O fato da China General Nuclear Power Group - que possui 35 GW de usinas nucleares em operação e mais 21 GW em construção - estar também investindo em plantas de grande escala dessa tecnologia é outro sinal de que ela é digna de atenção.
Usinas de torre, calha e Fresnel operam comercialmente na China desde 2019, dentro de uma política que mira 10 GW instalados em 2035. Seu custo segue em queda, puxado por sais que operam a temperaturas cada vez mais altas, o que melhora o rendimento do vapor, e por desenhos de espelho que reduzem equipamentos e área.
Mais relevante que o custo, porém, é o papel que a fonte cumpre: em complexos híbridos como o de Baicheng/Jinan, a CSP divide o sítio com parques eólicos e fotovoltaicos e serve de amortecedor das oscilações deles, guardando os excedentes de energia do dia para devolvê-los à noite.

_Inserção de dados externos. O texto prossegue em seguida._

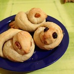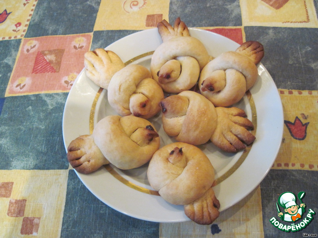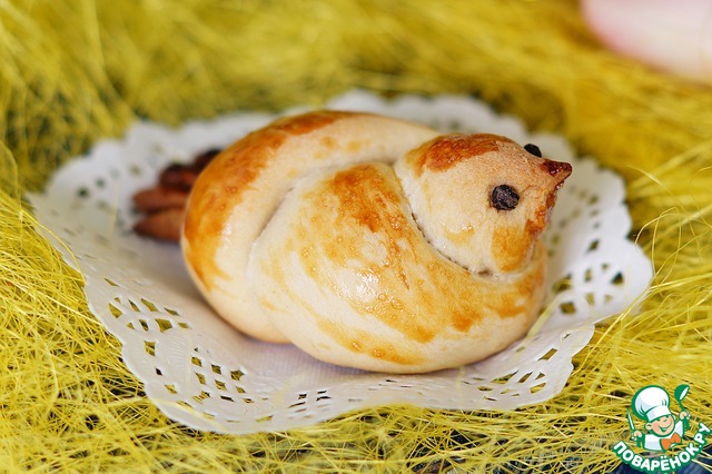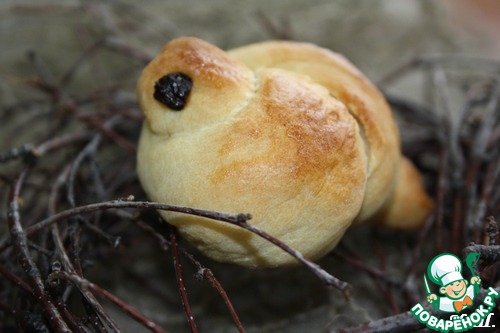 У меня получилось 6 птичек. Кто любит послаще - чуть-чуть сбрызните птичек водой и сверху посыпьте сахаром. Выпекаем в разогретой до 180 градусов духовке, до готовности.

Em um sistema em que 80% da nova capacidade vem de fontes variáveis (no Brasil esse número é 90%), os chineses tratam a CSP menos como geradora de energia e mais como garantidora de estabilidade, função reforçada por um atributo técnico: sua turbina a vapor entrega geração síncrona, com máquinas rotativas cuja inércia mecânica ajuda a segurar a frequência da rede, serviço que os inversores eletrônicos da fotovoltaica ainda prestam de forma limitada.
Já o Brasil tem, no semiárido nordestino, irradiância direta comparável à dos melhores sítios do mundo e boa parte da região já dispõe de transmissão construída para os parques eólicos e solares existentes. O que não tem, por ora, é resposta para a equação econômica: a CSP seguirá mais cara que a fotovoltaica na conta simples do kWh e só se viabiliza se houver um desenho de mercado ou um eventual mecanismo de contratação, ainda a ser estudado, que remunere o que ela oferece de diferente, a geração sob comando e os serviços de rede.
Isso, é claro, se competir com a fotovoltaica com BESS grid-forming, que segue crescendo no mundo.
Apesar da criatividade de Arquimedes ter levado a um cerco custoso aos romanos, Siracusa caiu após dois anos de cerco. Já em 2014, na batalha no Brasil pelo preço da energia, a CSP perdeu de forma justa. E a disputa que tende a começar agora, sobre quanto vale um recurso solar que obedece ao despacho, ainda não tem resposta. Mas a usina que gera às três da manhã no norte da China sugere que talvez faça valer a pena ponderar com calma antes de cantar a mesma vitória.